Em primeiro lugar, queremos elucidar que o título não visa
denegrir a imagem de ninguém, nem os actuais habitantes desta pacata localidade
alentejana.
Apenas define um episódio sucedido por estas paragens e que
ficou na memória das gentes mais idosas. E que urge recolher e dar à estampa –
neste caso, “pôr a navegar” na net.
Alguns episódios jocosos, por assim dizer, sucedem no nosso
Portugal contemporâneo.
Pelo Alentejo sucedia que, quando alguém queria edificar
uma habitação (por exemplo) chamava os familiares e amigos da sua terra e de
terras mais próximas. Um trazia a concertina, outro a sua viola campaniça e
toca de fazer um baile, os célebres “bailes à casa”. De tanta folia e dança o
terreno lá ia sendo nivelado para melhor erguer a edificação.
Há muitas dezenas de anos atrás, num monte nas proximidades
dos Gasparões, as pessoas juntaram-se para um desses bailes à casa. A folia
corria bem, até que, algumas moças vislumbraram ao longe dois indivíduos que
eram conhecidos pelo seu mau feitio e desacatos que armavam constantemente.
Algumas delas viraram-se para os restantes gritando:
“Fujam, que vêm aí os cabrões dos Gasparões !
Fujam, que vêm aí os cabrões dos Gasparões !”
E as pessoas correram a esconder-se num armazém que existia
nas proximidades.

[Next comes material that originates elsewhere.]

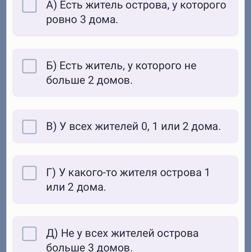 Приехав на остров, путешественник воскликнул: «Да тут у каждого жителя острова не меньше 3 домов!». Однако оказалось, что он ошибся. Какие из утверждений обязательно верны?

Ao chegarem ao local, um dos indivíduos deitou a porta abaixo
à patada, entrando ambos no recinto. O outro respondeu assim, aos gritos que ao
longe ainda ouvira:
“Oh moças não fujam,
Oh moças não tenham medo!
São os cabrões dos Gasparões,
Que vêm visitar o putedo!”
E vai de distribuir pancadaria a uns e outros, a torto e a
direito.
Esta estória, contou-a o Sr. Luís Diogo Barradas (Luís do
Estanque), em 2011 com 81 anos e morador em Montes Velhos.
Sr. Luís Diogo Barradas ou Luís "do Estanque"
Também há alguns anos atrás escutamos a um idoso, que nas
proximidades ou mesmo em Vilarinho das Furnas, teria sucedido um episódio
igualmente revelador da veia poética do nosso povo, mesmo neste género de
episódios.
A estória era mais ou menos a seguinte.
Uma moça, casada, teria andado “enrolada” com um rapaz
(moço mais novo), e passado algum tempo aquele deixara-a. Sucede que, numa
altura das festas na povoação (certamente relacionada com os rituais de
fecundidade dos solos) a dita rapariga passou próxima ao rapaz, pois como
seriam da mesma aldeia ou de povoações próximas uma da outra, tal teria
inevitavelmente de suceder.
Naquele tempo, os rapazes usavam cornos de touro à cinta,
pelos quais bebiam vinho (não existiam copos por aí além, como é usual nos
nossos dias), e o rapaz tinha um desses cornos à cintura.
A moça, tentando deixá-lo mal visto aos olhos dos seus
amigos atirou com o seguinte verso:
“Cantador que vem na estrada,
De onde vem? Para onde vai?
O corno que traz à cinta,
É seu ou de seu pai?”
O rapaz, moço habituado aos cantares ao desafio, não se
acanhou, respondendo logo de seguida:
“O corno que trago à cinta,
Não é meu nem de meu pai!
É um cabelo do teu Homem
Que de maduro lhe cai!”.
Continuaremos assim, a recolher e a registar
estes episódios, que para além dos seus aspectos espirituosos também revelam a
veia poética e de improviso, tão cara ao nosso povo.